— October 17, 2014 —
Nanushka is our go-to favourite for comfortable-cool clothes with a unique touch. Hailing from Hungary, the brand and its designer, Sandra Sandor, can always be counted on to churn out easy chic items that you simply can't live without. Silk dresses, printed tees, sporty tops, micro shorts and easy jackets are some of the label's signature items; each season, done in lust-worthy colours and prints. This season, Nanushka took inspiration from the Australian Outback and the Flammarion Engraving, the combination of which created a colour palette of rich earthy tones and whimsical custom prints. We caught up with Sandra and her team at the buzzing (capsule) showroom during Paris Fashion Week to get up close and personal with her Spring/Summer 2015 collection. Immediately, we fell in love with the printed silks, the sporty mesh and the label's to-die-for new accessories which have expanded beyond just 1 or 2 pieces each season to a full-fledge collection. Catch our interview with Nanushka's Sandra Sandor below to get a deeper understanding of what inspired her this season.
Nanushka designer, Sandra Sandor.
The entrance to (capsule).
What was your source of inspiration this season?

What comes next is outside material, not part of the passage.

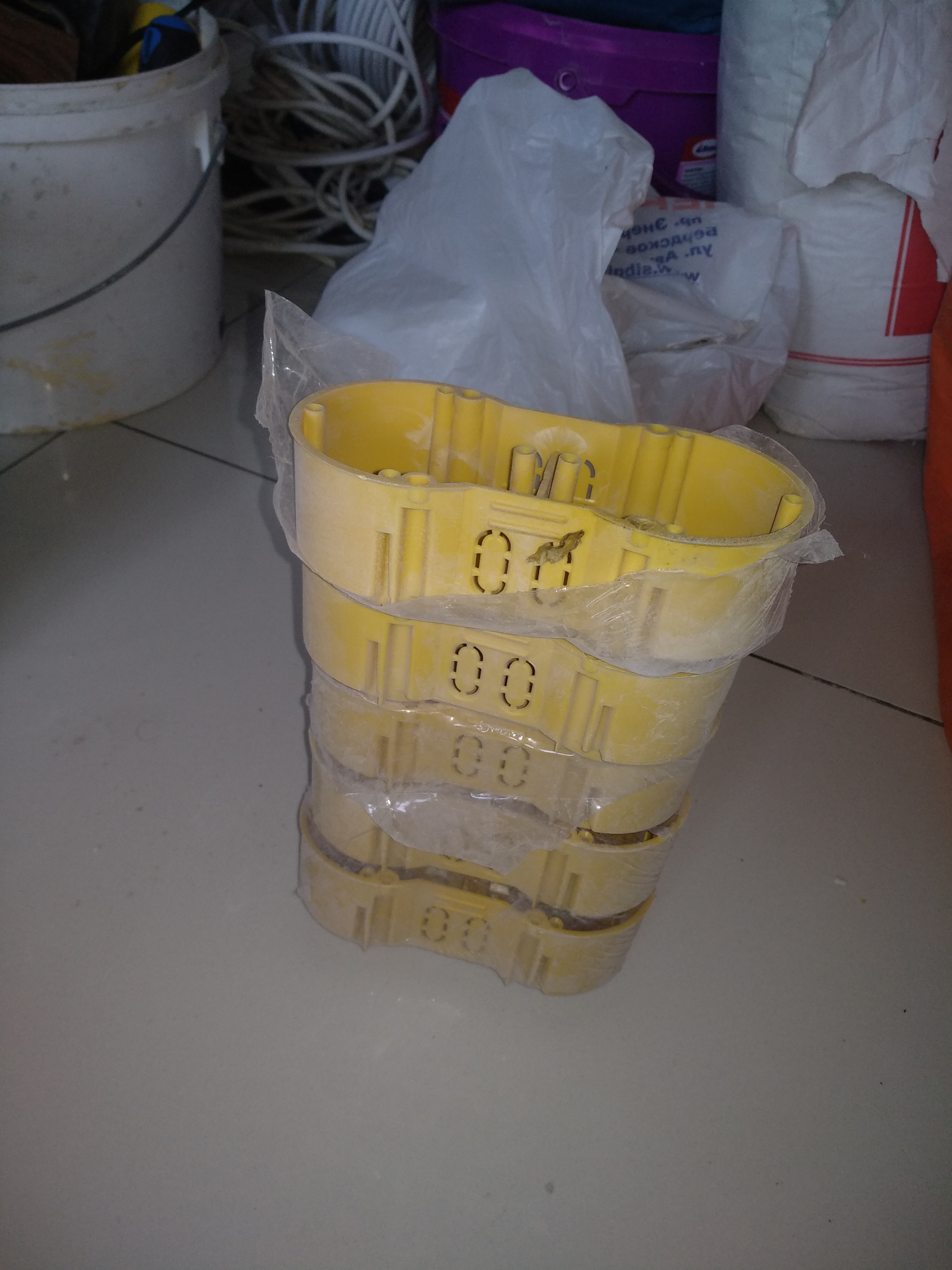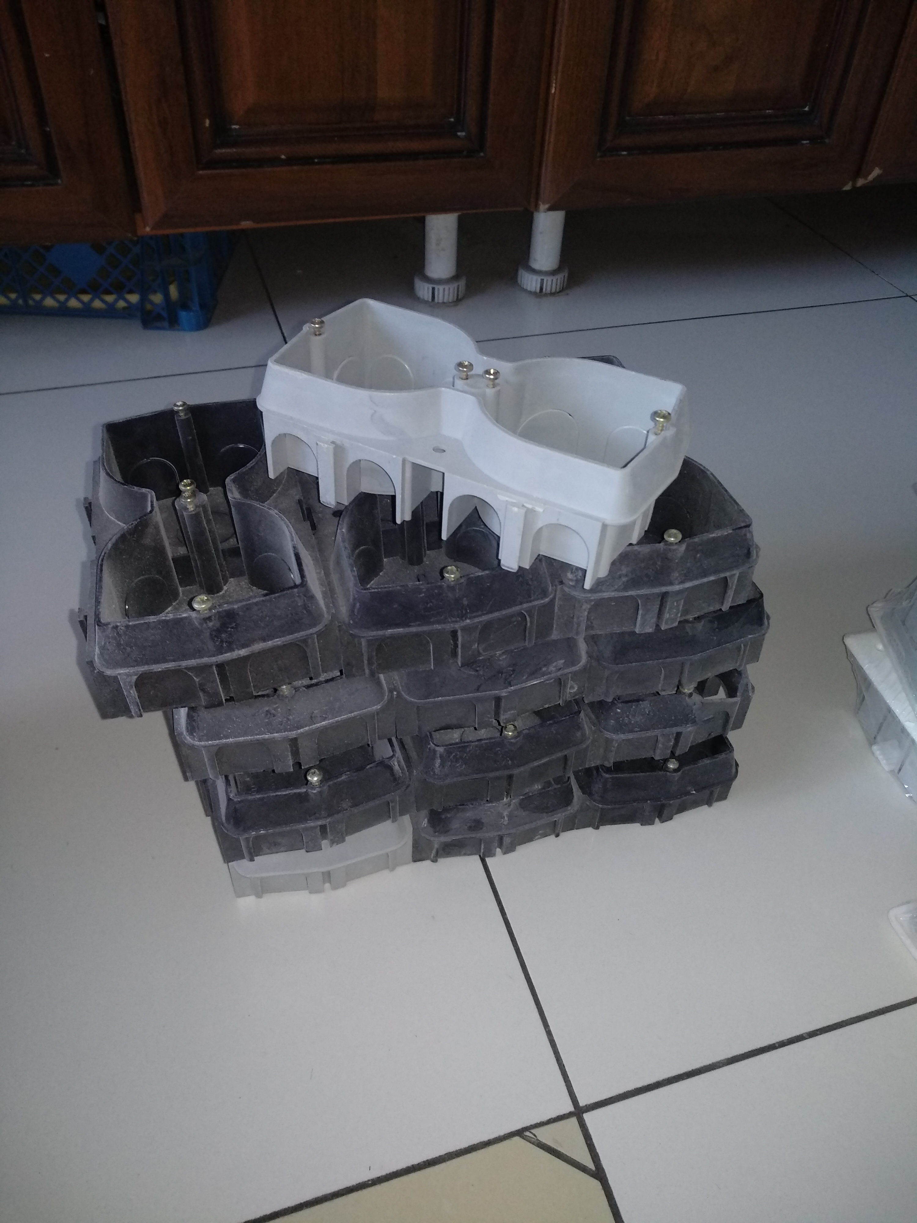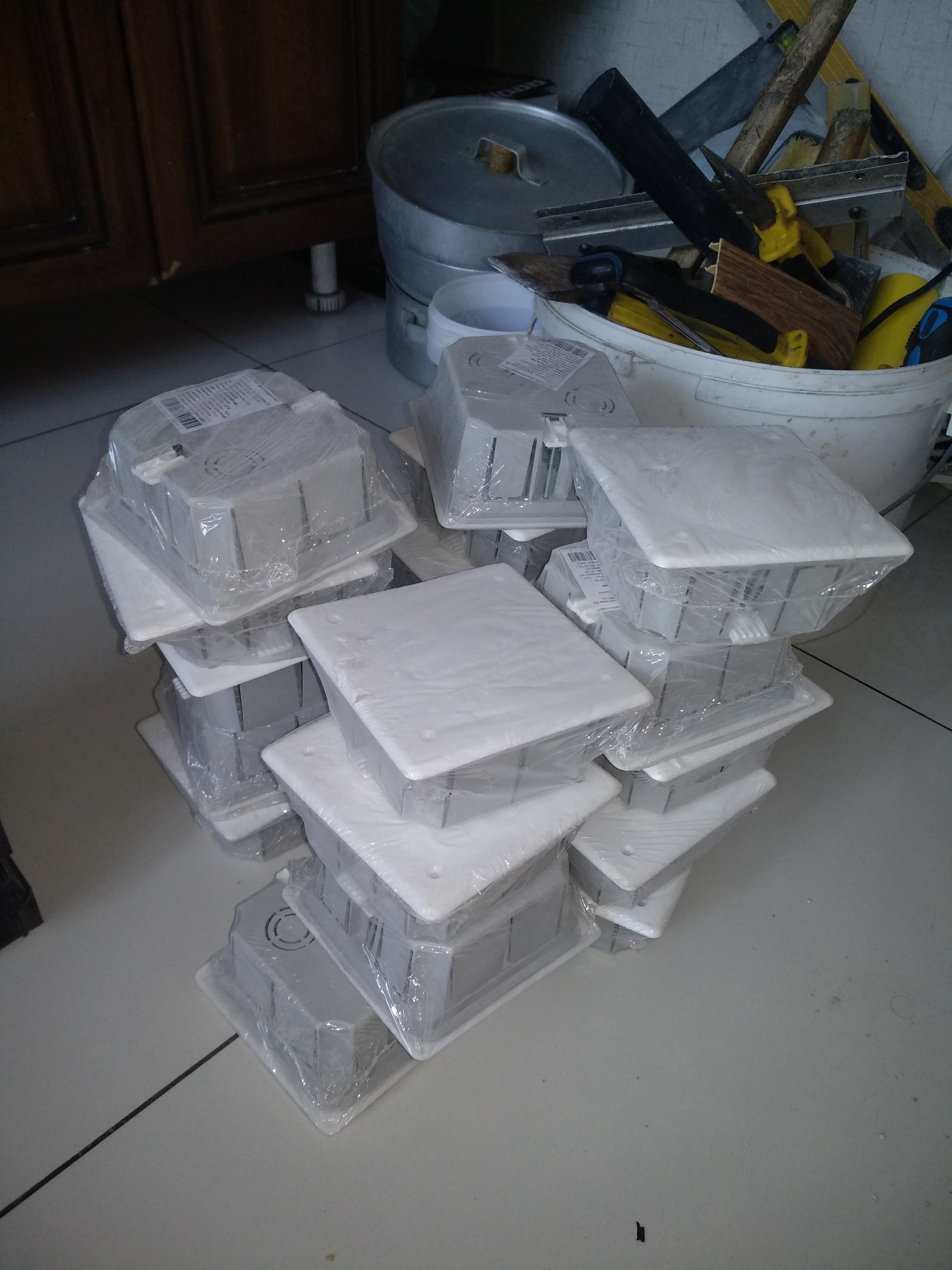 Подрозетники двух видов и распредкоробки.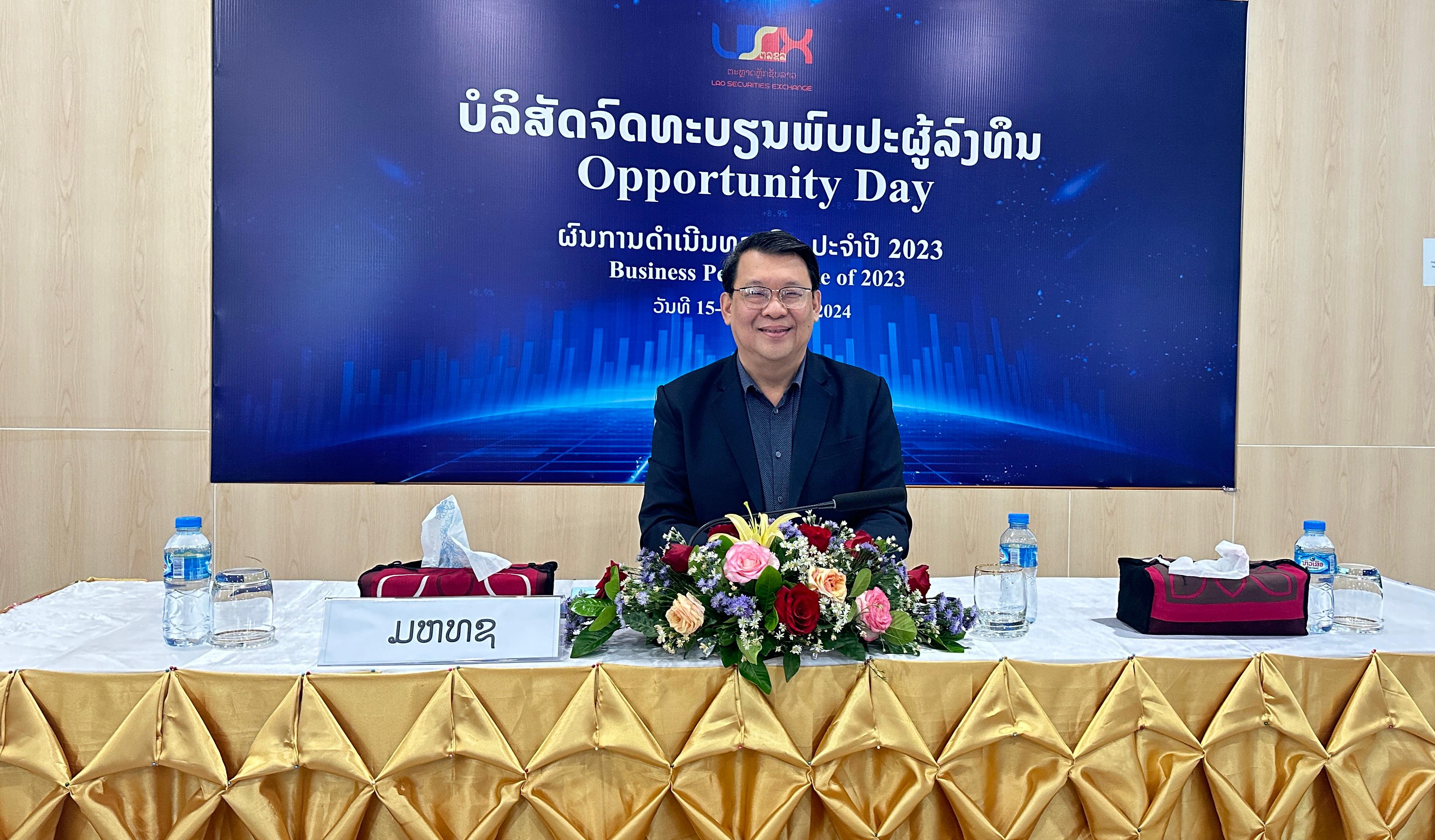 ທ່ານ ມານົບ ຕຣີລິດວິໄລ ຜູ້ອຳນວຍການ ບໍລິສັດ ມະຫະທຶນ ໄດ້ນຳສະເໜີ ຜົນການດໍາເນີນທຸລະກິດປະຈຳປີ 2023 ໃນງານສໍາມະນາ - ແລກປ່ຽນຄຳຄິດເຫັນ ພາຍໃຕ້ຫົວຂໍ້ “ບໍລິສັດຈົດທະບຽນພົບປະຜູ້ລົງທຶນ (Opportunity Day)” ປະຈຳປີ 2023

Actually, this collection had two main sources of inspiration. One was Mutant Message Down Under, it's about an Aboriginal tribe and an American woman who goes with them in the dessert for two months. What really inspired me about the book was the tribe's relationship to nature. All of our prints are designed in house and all of them are reflective of this; for example, we have koalas, the starry sky and Ayers rock, the sunset. All this and the colour story reflects that. We also have a boomerang motif in our bag and it comes back in our T-shirts. This is the main motif which I used this season. We also have granite prints, which represents their ritual with stones, because this tribe has a ritual where they always take a stone which they carry through their journey. It's like a form of Kabbalah for them, it protects them, so that was the inspiration for this print. And then my second source of inspiration was the Flammarion Engraving; that's a woodcut from the 19th Century and that is more like the spiritual aspect of the whole story. The tribe is the natural part and the Engraving is the spiritual part; I always like to work with contradictions. The wood-cut shows a man who want to break through the limits of the known world to the unknown. So for one of the prints, we took the whole picture as the inspiration, but we changed all the symbols of the elements. Our print is the same thematically, but we have changed elements of it.
A glimpse at the Nanushka set-up.
A display of Nanushka look books and leather pouches to browse through.
A colour palette inspired by the Australian outback.
There's a lot of mesh this season that we've seen on the runways and in the showrooms. What is it about mesh that you're liking right now?
Mesh is also this contradiction, because I love to bring in technical fabrics, but if you look back on my collections, I always use very sporty elements. Nanushka, in the first season, really started off as a sportswear line. That's my thing, I really like comfort and practicality. The other reason is that I really like how it brings a contradiction with 'elegant' fabrics.
So how does Nanushka do mesh differently to other labels? And how would you style your mesh?
For example, I used this 'California' pink for the mesh, and I haven't really seen mesh done in that colour. Also, to be honest, the way that you finish mesh or the way that you treat it as a fabric, it cannot be very different from each other, because you have to bind it, so there's only one way to sew it. It can't be very different in that way. So I think it's all in the styling. I tend to use less sportswear-style cuts for it, but more classical cuts instead. Like a top in a mesh. I don't really do anything too sporty, except for the mesh tank.
You can always count on Nanushka's collections to be filled with interesting textures and fabrics.
Several takes on the big mesh trend this season!
So what pieces have be selling well so far in this collection?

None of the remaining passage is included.